YOUR OBJECTIVE:
Return the lines below exactly, from the first line to the line that contains "- upstairs: a". Leave out pictures.

DATASET EXTRACT:
========================

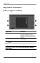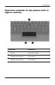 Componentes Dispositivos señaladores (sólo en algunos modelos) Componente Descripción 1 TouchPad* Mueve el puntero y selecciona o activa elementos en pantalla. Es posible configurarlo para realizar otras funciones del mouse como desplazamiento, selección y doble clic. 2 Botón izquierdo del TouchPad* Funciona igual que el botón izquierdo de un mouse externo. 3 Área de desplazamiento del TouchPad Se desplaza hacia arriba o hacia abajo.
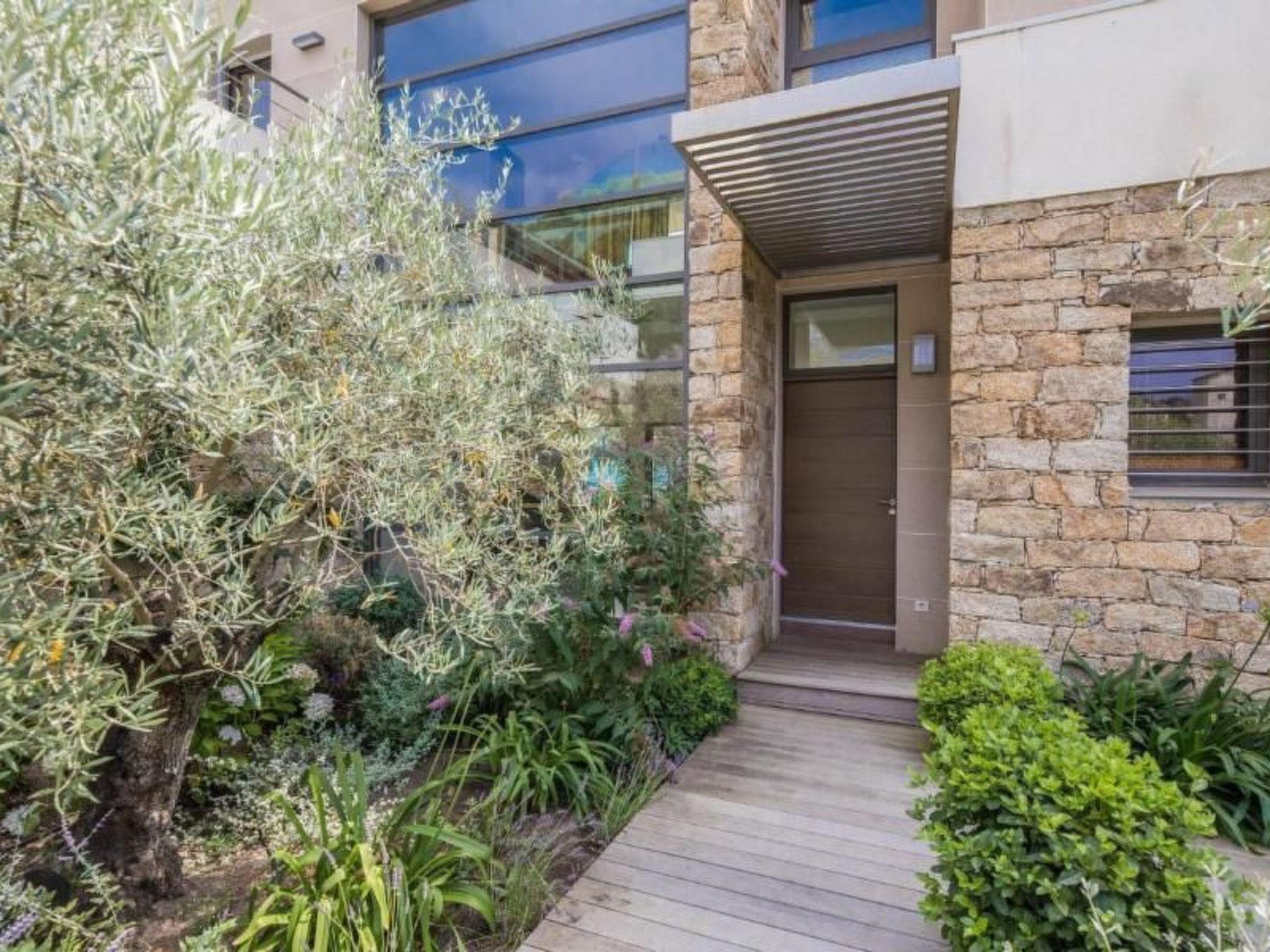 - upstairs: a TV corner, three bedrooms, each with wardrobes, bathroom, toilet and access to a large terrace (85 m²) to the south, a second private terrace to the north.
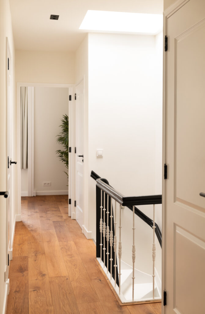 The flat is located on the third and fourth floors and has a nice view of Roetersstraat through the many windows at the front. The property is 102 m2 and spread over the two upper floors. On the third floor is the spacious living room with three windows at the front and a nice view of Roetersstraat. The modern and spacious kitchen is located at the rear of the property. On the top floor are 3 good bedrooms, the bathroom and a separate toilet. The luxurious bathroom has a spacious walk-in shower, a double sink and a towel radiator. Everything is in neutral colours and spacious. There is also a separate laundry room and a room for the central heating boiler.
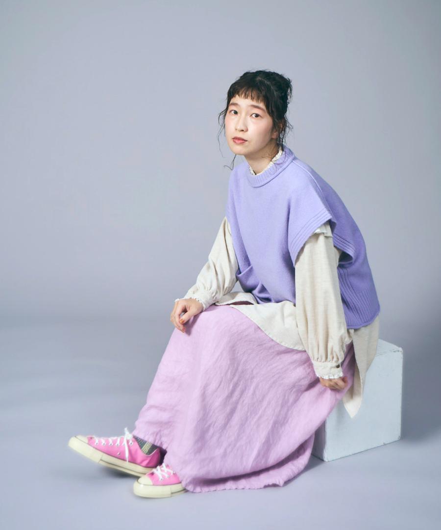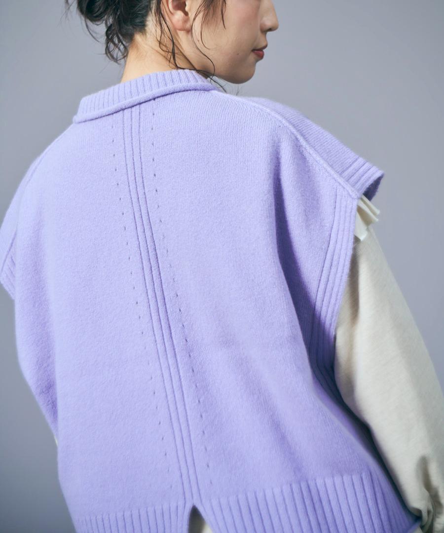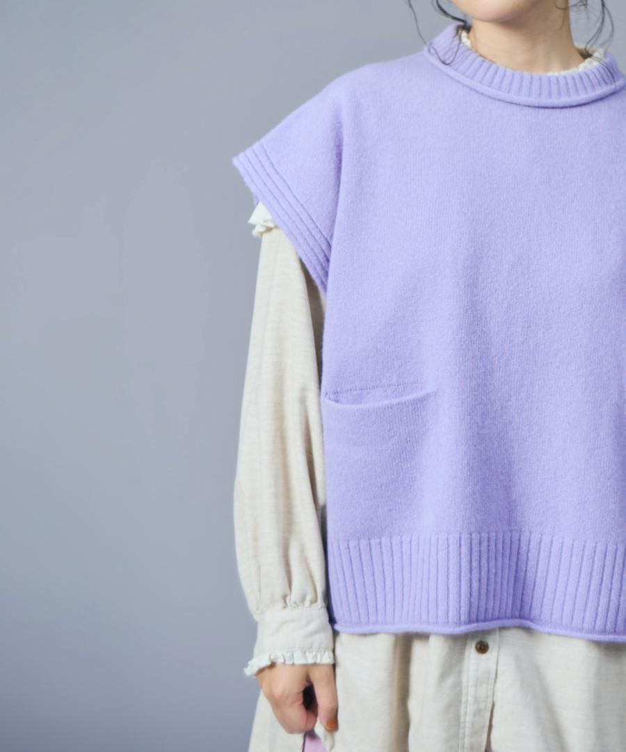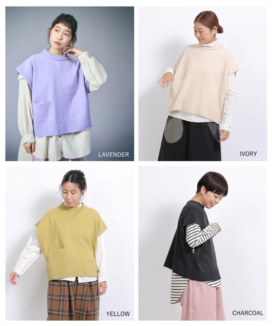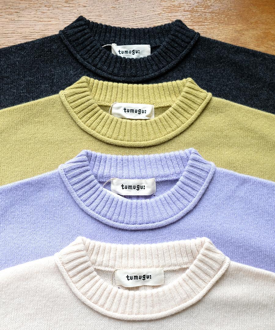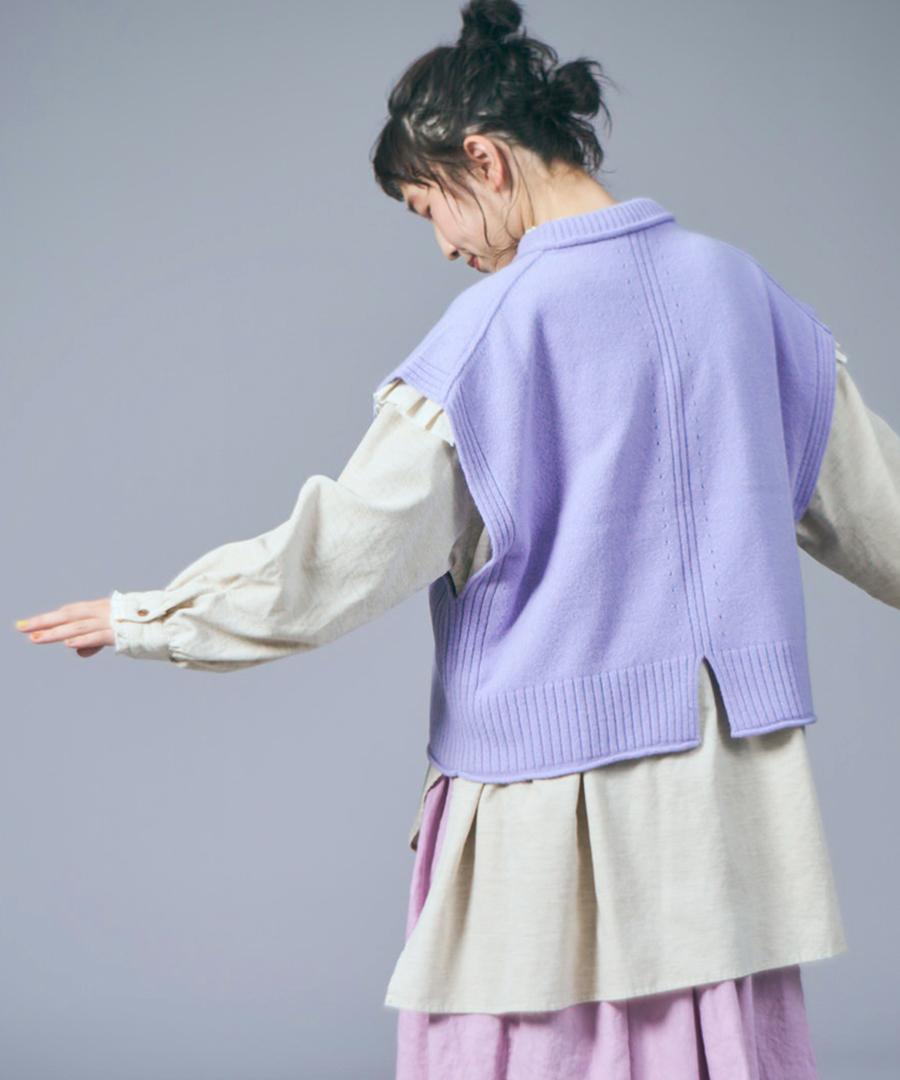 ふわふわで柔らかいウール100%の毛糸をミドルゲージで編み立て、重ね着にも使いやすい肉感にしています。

========================

SOLUTION BELOW:
 Componentes Dispositivos señaladores (sólo en algunos modelos) Componente Descripción 1 TouchPad* Mueve el puntero y selecciona o activa elementos en pantalla. Es posible configurarlo para realizar otras funciones del mouse como desplazamiento, selección y doble clic. 2 Botón izquierdo del TouchPad* Funciona igual que el botón izquierdo de un mouse externo. 3 Área de desplazamiento del TouchPad Se desplaza hacia arriba o hacia abajo.
 - upstairs: a TV corner, three bedrooms, each with wardrobes, bathroom, toilet and access to a large terrace (85 m²) to the south, a second private terrace to the north.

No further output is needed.